Quando viene isolato come facciamo a dire che è uno preciso cioè per esempio che è E. Coli?
Si usano test microscopici questa votla a prtire dalla colonia isolata, per esempio posso valutare se la colonia del germe che ho isoltato è capsulata e sapere se per esempio sono davanti ad un ceppo di streptococcus pneumoniae oppure no può fare la differenza perchè un ceppo capsulato è patogeno e si può visualizzare con l'inchiostro di china o la nigrsosina, perchè appare rifrangente o i ltest del rigonfiamento capsulare con anticorpi specifici per la capsula.

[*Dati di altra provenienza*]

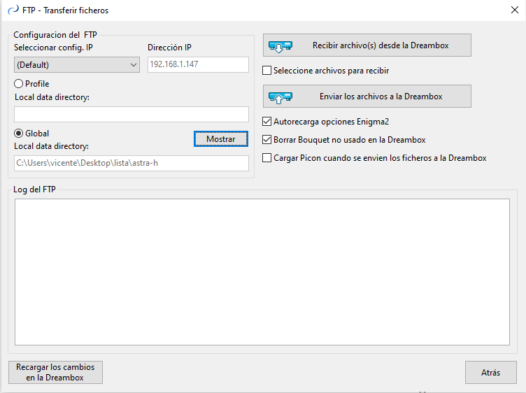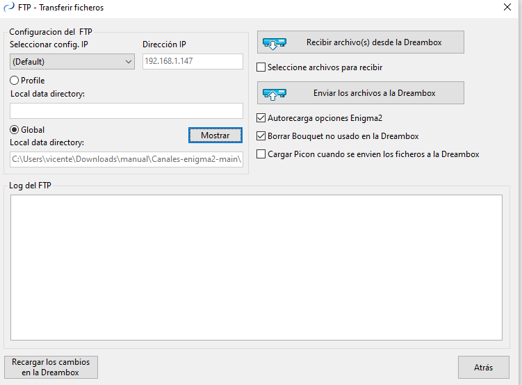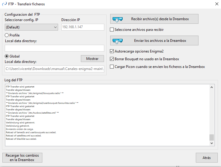 6. Para instalar la lista pulsamos en Enviar los archivos a la Dreambox y observaremos en el log a que termine y ya tendremos la lista actualizada.

Fondamentalmente l'identificazione si basa su test biochimici ovvero su valutare le proprietà che un batterio ha di assimilare vari zuccheri, se ha un meccanismo ossidativo o fermentativo, se produce determinati enzimi e di solito si fanno delle "gallerie" sono striscioline (API) con tanti pozzettini all'interno dei quali hanno disidratati sul fondo ogni pozzetto un substrato diverso aggiungendo una sospensione del ceppo che voglio analizzare ed in base al tipo di substrato analizzato secondo uno schema ben definito posso arrivare alla identificazione, ora ci sono delle card dispositivi miniaturizzati ancora più piccoli all'interno della quale ci sono vari micropozzetti e si colorano diversamente e messi dentro una macchina che analizza questi pozzetti ed in alcuni casi si arriva ad un'identificazione nel giro di 4 ore.

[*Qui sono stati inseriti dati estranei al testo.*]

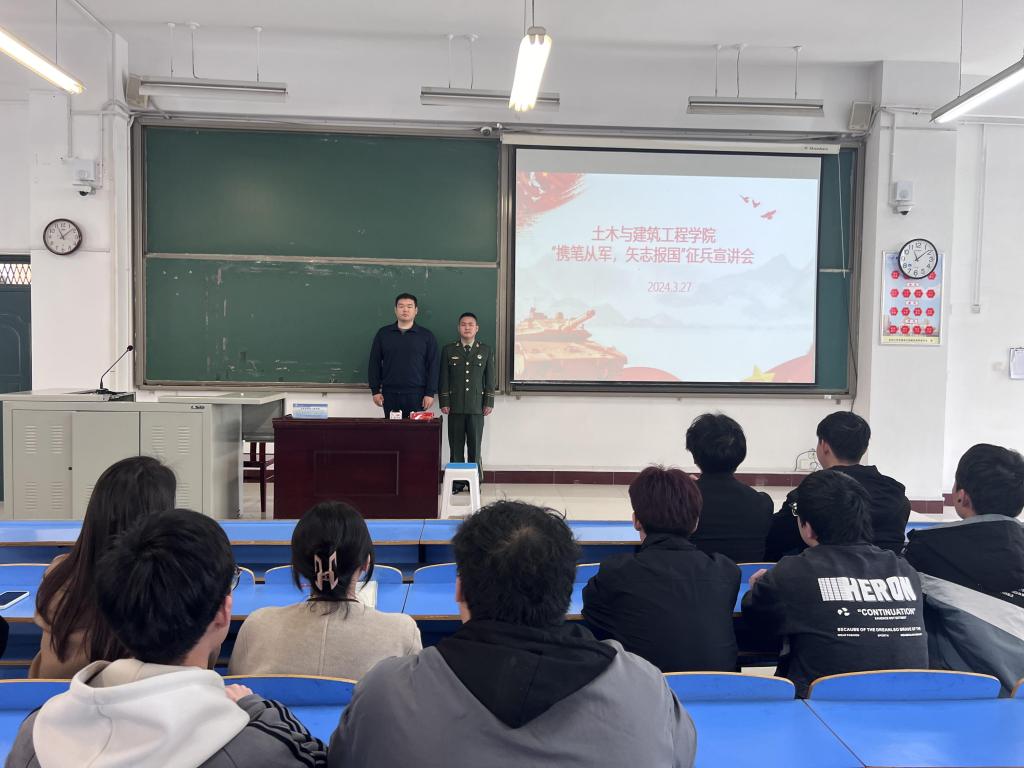 为落实我校征兵工作相关部署,鼓励学生积极参军入伍,土木与建筑工程学院于3月27日在A19-201教室召开“携笔从军 矢志报国”征兵宣讲会。学院党总支副书记李丹、毕业班辅导员及学生代表参加宣讲会。

In alcuni casi si può effettuare identificazione tramite test sierologici diretti o indiretti ma di solito affianca e da informazioni aggiuntive però è sempre necessario effettuare isolamento del microrganismo.
Test molecolari
Se in 4 ore un test biochimico mi dà una corretta identificazione non devo effettuare test molecolari, però ci sono condizioni che richiedono la presenza di test molecolari per esempio per i ceppi che non si coltivano come il bacillo tubercolare che ci impiega 24 ore per replicarsi (cioè per ottenere due cellule ci mette 24 ore) e ci vogliono 4 settimane per una colonia se ho un paziente con tubercolosi ha bisogno prima di 4 settimane di sapere la risposta, si usa per diagnosi veloci per microrganismi lenti nel crescere e quelli che non si coltivano come il micobacterium lebbrae, è un parassita talmente obbligato che a meno che non ho un armadillo non posso far diagnosi se non con test molecolari e per microrganismi coltivabili solo con tecniche di coltura sofisticate e vuol dire fare qualcosa di più che seminare su agar come crescere in linee cellulari per esempio il principale agente eziologico delle infezioni sessualmente trasmesse cioè la clamidia che è un parassita metabolico che ha bisogno di sfruttare l'apaprato della cellula ospite per produrre ATP e replicarsi.